Female Sex, published in 2002 is a comedy about mother-daughter relationships. This third novel concludes her trilogy on the Jewish family. In 2003, she published Tout sur mon frère, (Éditions Grasset), which explores the negative effects of autofiction. It was nominated for the Booksellers' Prize and was a finalist for the France-Television Award.

In 2005, Tuil published When I Was Funny, which is a French comedy set in New York. In 2007, Douce France appeared, a social novel about administrative detention centers.

In 2008, Tuil released Domination. It is about power politics in the publishing world through the prisms of identity. Domination was a first selections for the Goncourt prize, the Goncourt high school prize and the Flore prize. Tuil she received the Stendhal Scholarship from the Ministry of Foreign Affairs for this novel.

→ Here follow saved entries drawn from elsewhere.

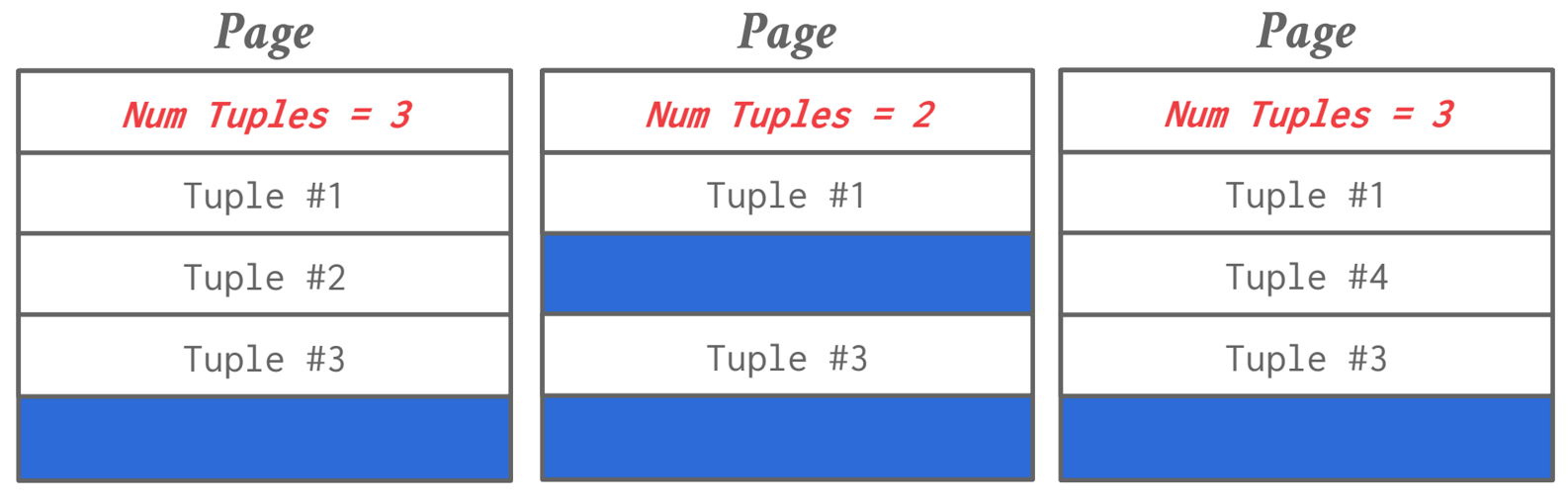 最简单的方式!在 Page 头部记录有多少个 Tuple,有新 Tuple 时直接插入到 Page 末尾即可。但这会出现其他问题:
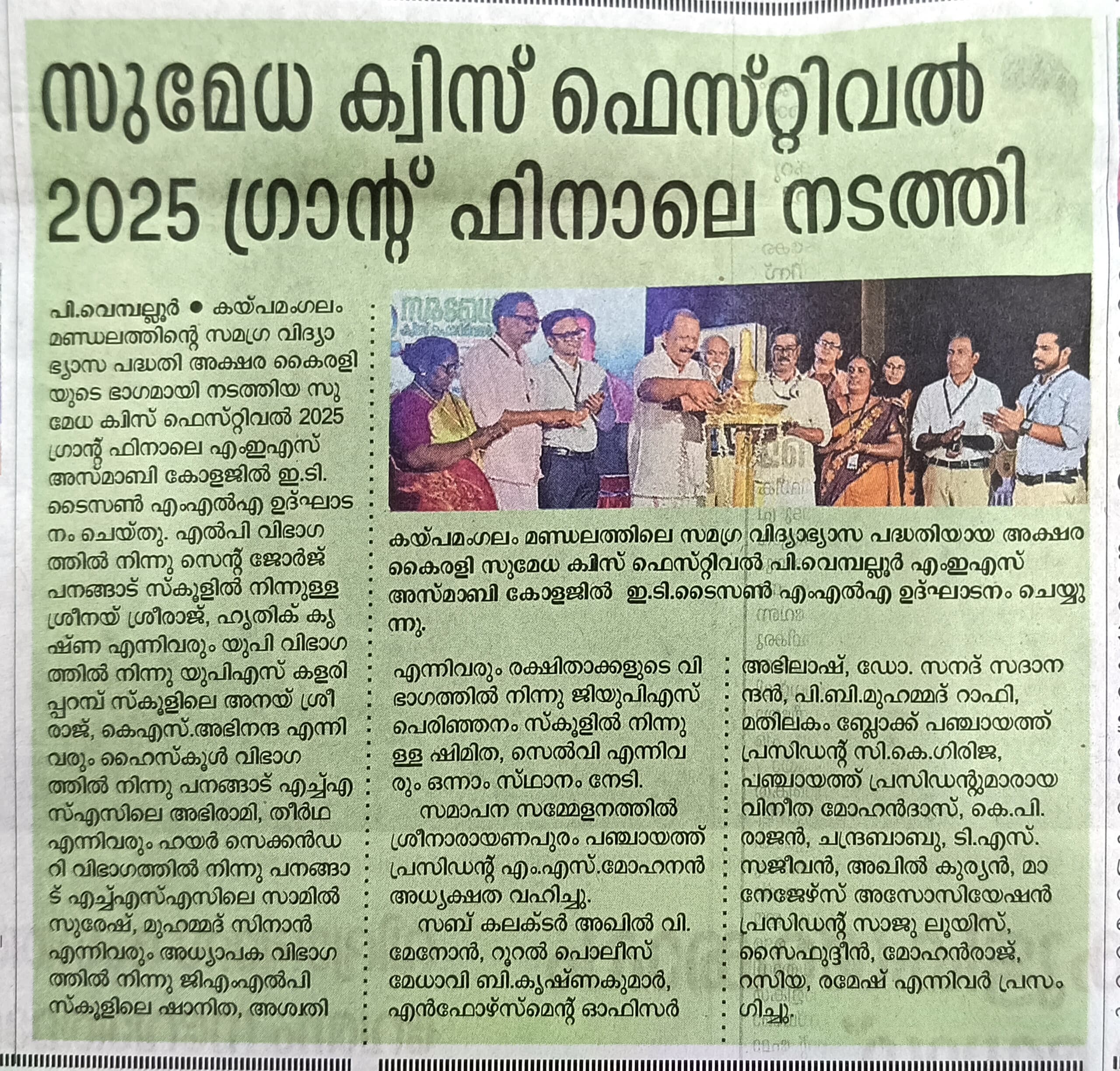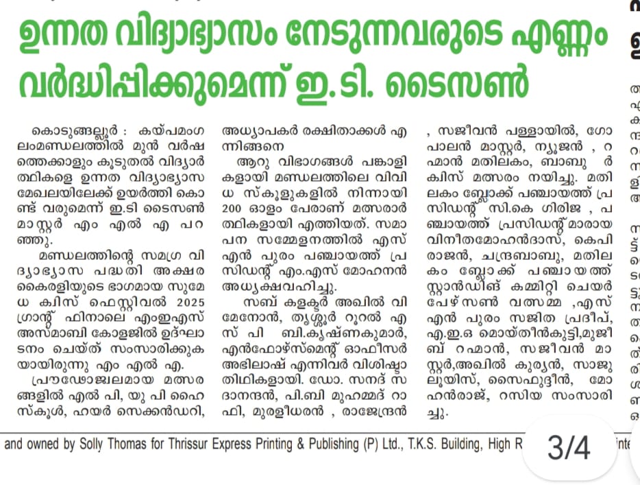 The Sumedha Project, launched by MLA E.T. Taison Master, is a visionary initiative aimed at empowering students in the Kaipamangalam Constituency. Focused on academic excellence and holistic development, Sumedha integrates competitive learning, skill-building, and career guidance to help students unlock their full potential. Key programs include the Sumedha Mega Quiz Competition, which enhances knowledge and analytical skills, specialized training for LSS and USS exams, and a Career Guidance Program, Cadets program etc.., that provides expert mentorship and career exploration opportunities.
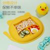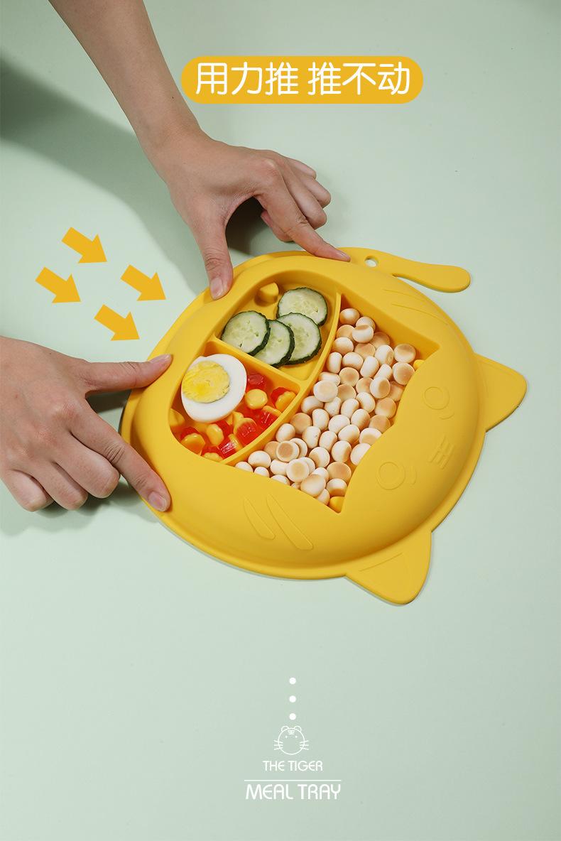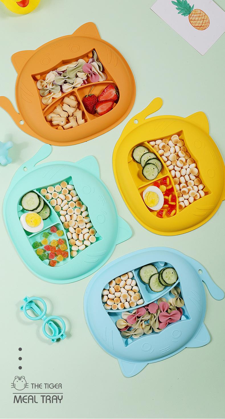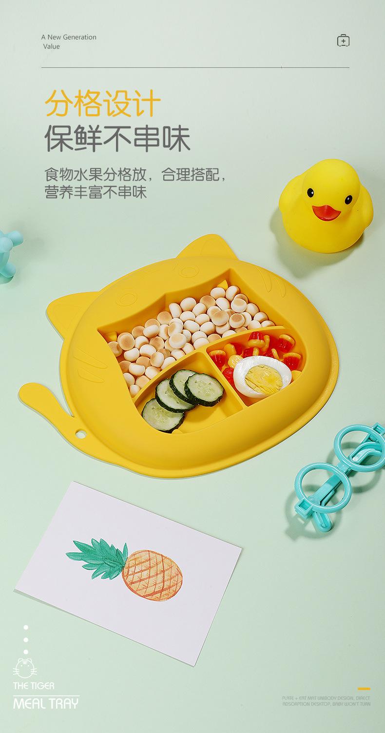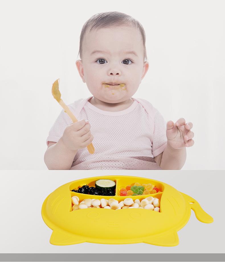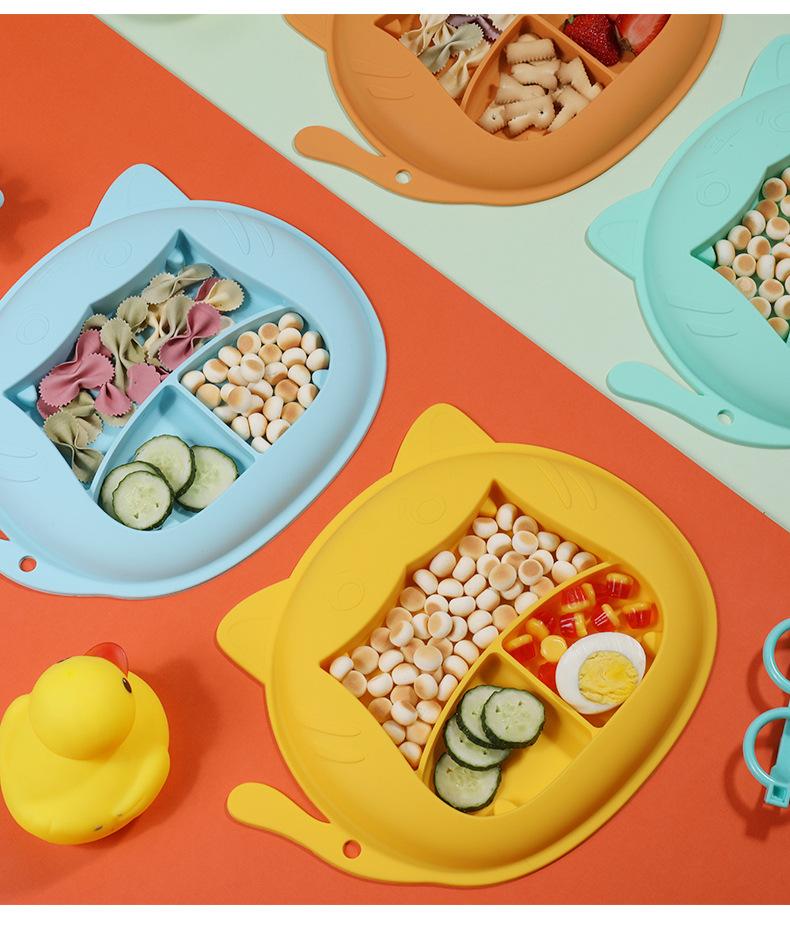 Plato de cena para bebé, vajilla infantil de silicona con ventosa, juego de cucharas de entrenamiento para aprender a comer con dibujos animados, tazón de comida

In 2010, her novel Six Months, Six Days was a first and second selection of the 2010 Goncourt Prize, the first selection of the Interallié Prize and the Goncourt high school students' prize. In 2011, she won the prix littéraire du Roman News.

Tuil's ninth novel entitled L'Invention de nos vies was published in September 2013 by the Grasset publishing house. This novel looks at "the story of a young man of Arab descent, Samir, who, to succeed in his career as a business lawyer in New York," borrows "part of the identity of his best childhood friend, a Jew named Samuel " . The novel appeared in several selections of literary prizes, including the Femina, Interallié, Goncourt, Goncourt high school students, and the prix des libraires. It was a finalist of the Goncourt Prize. L'Invention de nos vies was translated in several countries including Great Britain, the United States (under the title The age of reinvention), Canada, Italy, China, Greece, the Netherlands, and Germany.

Tuil's novel The Insouciance was published in 2016. On the publication of this tenth novel, the newspaper Le Monde in 2016 writes, on all her books: "Some themes are obvious. For example the Jewishness of the characters. And subsequently: the father, the law, the Kafkaesque humor - Insouciance adds in the author's Letter to the father". The novel won the Landerneau Prize for readers.

== Awards and distinctions ==

- 2011, Fiction News Prize for Six Months, Six Days 5
- Prix littéraires Les Lauriers Verts (The Green Laurels Literary Award) in the 2013 fiction category for the L'Invention de nos vies.
- On 23 April 2014, Karine Tuil received Chevalier de l'ordre des arts et des lettres (The Knight's Order Insignia of arts and letters), given by Aurélie Filippetti, Minister of Culture and Communication.
- The Carefree was selected in 2016 for the Goncourt prize – the grand prize of the French Academy – and the Interallié, and received the Landerneau Prize of the readers on October 5, 2016 21 .
- On 23 March 2017, Audrey Azoulay, Minister of Culture and Communication awarded her the rank of Officer of the Order of Arts and Letters.
- Les Choses humaines was awarded the 2019 Prix Interallié and the 2019 Prix Goncourt des Lycéens.

== Works ==

- 2000 : Pour le pire (Plon, Pocket 11352) (ISBN 2-259-19294-7)
- 2001 : Interdit (Plon, Pocket 11613, Grasset 2010, Paperback) (ISBN 2-259-19520-2)
- 2002 : Du sexe féminin (Plon, Pocket 11941, Pocket Book) (ISBN 2-259-19708-6)
- 2003 : Tout sur mon frère (Grasset, Paperback 30276) (ISBN 2-246-65401-7)
- 2005 : Quand j'étais drôle (Grasset, Livre de Poche) (ISBN 2-246-65411-4)
- 2007 : Douce France (Grasset, Paperback) (ISBN 2246709911)
- 2008 : La Domination (Grasset, Paperback) (ISBN 2246739217)
- 2010 : Six mois, six jours (Grasset, Livre de Poche) (ISBN 978-2246758310)
- 2013 : L'Invention de nos vies (Grasset, Livre de Poche) (ISBN 978-2-246-80752-0) (translated into English as The Age of Reinvention in 2015)
- 2016 : L'Insouciance (Gallimard) (ISBN 978-2-070-14619-2)
- 2019 : Les Choses humaines (Gallimard) (ISBN 978-2-07-272933-1)
- 2022 : La décision (Gallimard) (ISBN 978-2-07-294354-6)

- Participation

- 2017: Collective, Qu'est-ce que la gauche?, Fayard

== Adaptations of her work ==

- 2014–2015: The Wedding of Mr Wessmann, based on the work Forbidden, adaptation of Salomé Lelouch, theater La Bruyère from October 2014 to June 2015; Avignon Festival in July 2015.
- 2021: The Accusation, based on her 2019 novel Les Choses humaines, adapted by Yvan Attal and Yaël Langmann.